Angel Lam is a New York-based Hong Kong-born composer and writer. She has composed for artists and ensembles such as Yo-Yo Ma, Aldo Parisot, The Silk Road Ensemble, Atlanta Symphony, Minnesota Orchestra, Hong Kong Arts Festival, Aspen Music Festival and Pacific Music Festival, among others.

Biography
Lam holds degrees from Yale University, the Peabody Conservatory of Johns Hopkins University, and Hong Kong Academy for Performing Arts.  She first received a commission from Carnegie Hall's Weill Music Institute in 2006. The resulting piece she composed, "Empty Mountain, Spirit Rain," caught the attention of Yo-Yo Ma, who is the artistic director of The Silk Road Ensemble.  They took the piece on worldwide concert tours throughout the United States, Europe, Canada, Japan, South East Asia, and China, and recorded her piece on two CDs "New Impossibilities" and "Off the Map".  The latter album, where Lam was one of four featured composers, was nominated for a GRAMMY in the Best Classical Crossover category.

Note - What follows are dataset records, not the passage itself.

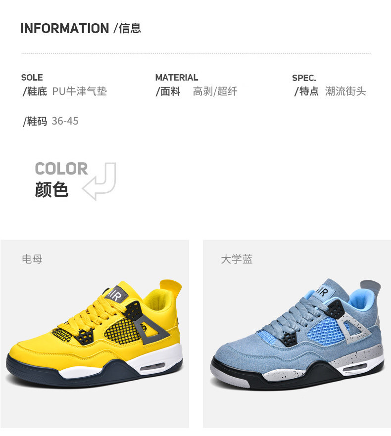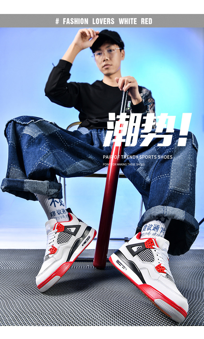 [Скидка 30% на площадь] Классические баскетбольные кроссовки AJ4, спортивная обувь средней высоты, кожаная воздушная подушка, амортизирующие и износостойкие мужские и женские кроссовки.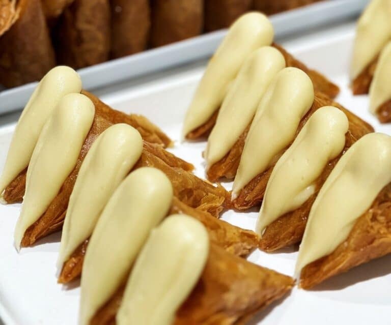 Τα τρίγωνα από φύλλο ψήνονται μέχρι να ροδίσουν, βυθίζονται σε κρύο σιρόπι που αποτελείται από ζάχαρη και νερό και στη συνέχεια γεμίζονται με την κρύα κρέμα. Τα τρίγωνα συχνά γαρνίρονται με ψιλοκομμένους ξηρούς καρπούς πριν από την κατανάλωσή τους», περιγράφει το Taste Atlas.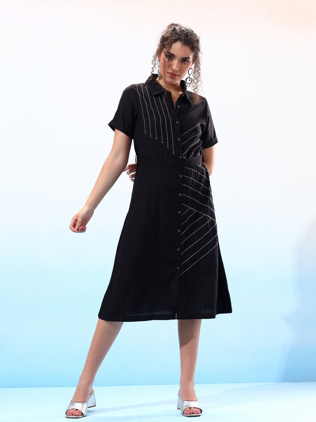 This black button-down midi dress with modern pinstripe detailing and a structured collar brings together...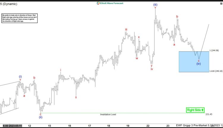 As we can see the market was marginally above within blue box area of 244.58 – 240.18 and we have been expecting a dip to reach the area. We recommend members to always buy from the 100% extension area with a stop loss just below the 1.618 area. Fast forward, towards the latest post market update now from 05.26.2023, we will see that the market has already reacted higher and what we expect next.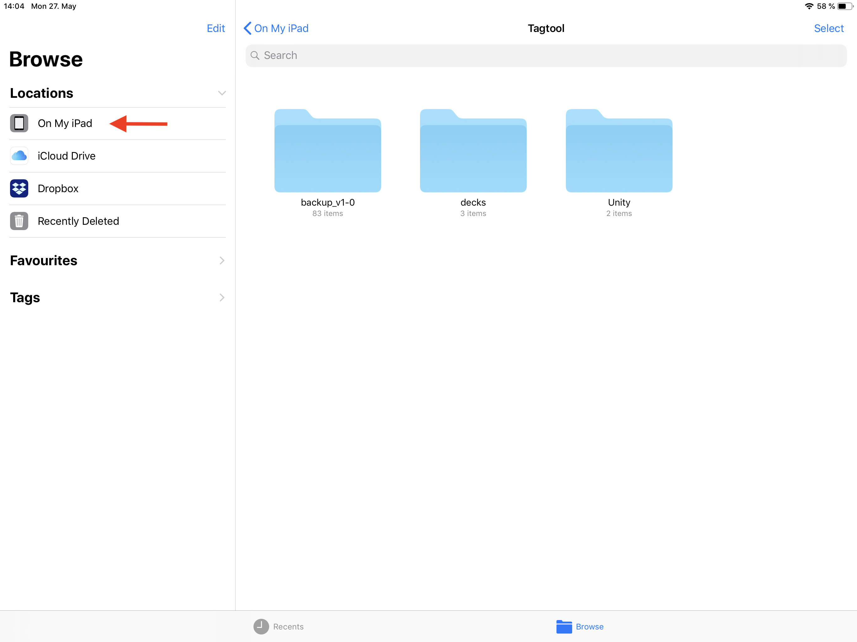 • Decks accessible in Files app - in the iOS Files app, navigate to On My iPad > Tagtool > decks to see all your deck folders. Copy them to a file synching service like iCloud Drive, Dropbox or Google Drive to transfer them to your computer for backup or to share them with other Tagtoolers.

For her second commission from Carnegie Hall, she created the song cycle "Sun, Moon, and Star" with mentorship from Osvaldo Golijov and Dawn Upshaw. In the same year, she was mentored by theater artist Martha Clarke to create her theater work "Midnight Run" for music, dance and visual projections in collaboration with the historic Peabody Dance in Baltimore. Other premieres of her works include Colorado Symphony Orchestra, New York's Greenwich Village Orchestra, New York University Symphony Orchestra, Hong Kong Sinfonietta, Chicago's Northwest Symphony and Symphony of Oak Park and River Forest, University of California Irvine Symphony Orchestra, Norfolk Chamber Music Festival, Yale Philharmonia, Interlochen Arts Academy, Los Angeles Loyola Choir Men's Chorus and Orchestra, and Orange County Women's Chorus.

In 2009, she was voted "Artist of the Month" by the magazine Musical America, and by Yale Alumni Magazine of Yale University as "Yalie of the Week".  In the same year, she received a commission to compose "Awakening from a Disappearing Garden", a cello and orchestra work for Yo-Yo Ma and the Atlanta Symphony Orchestra, with the New York premiere at Carnegie Hall's China Festival "Ancient Paths, Modern Voices".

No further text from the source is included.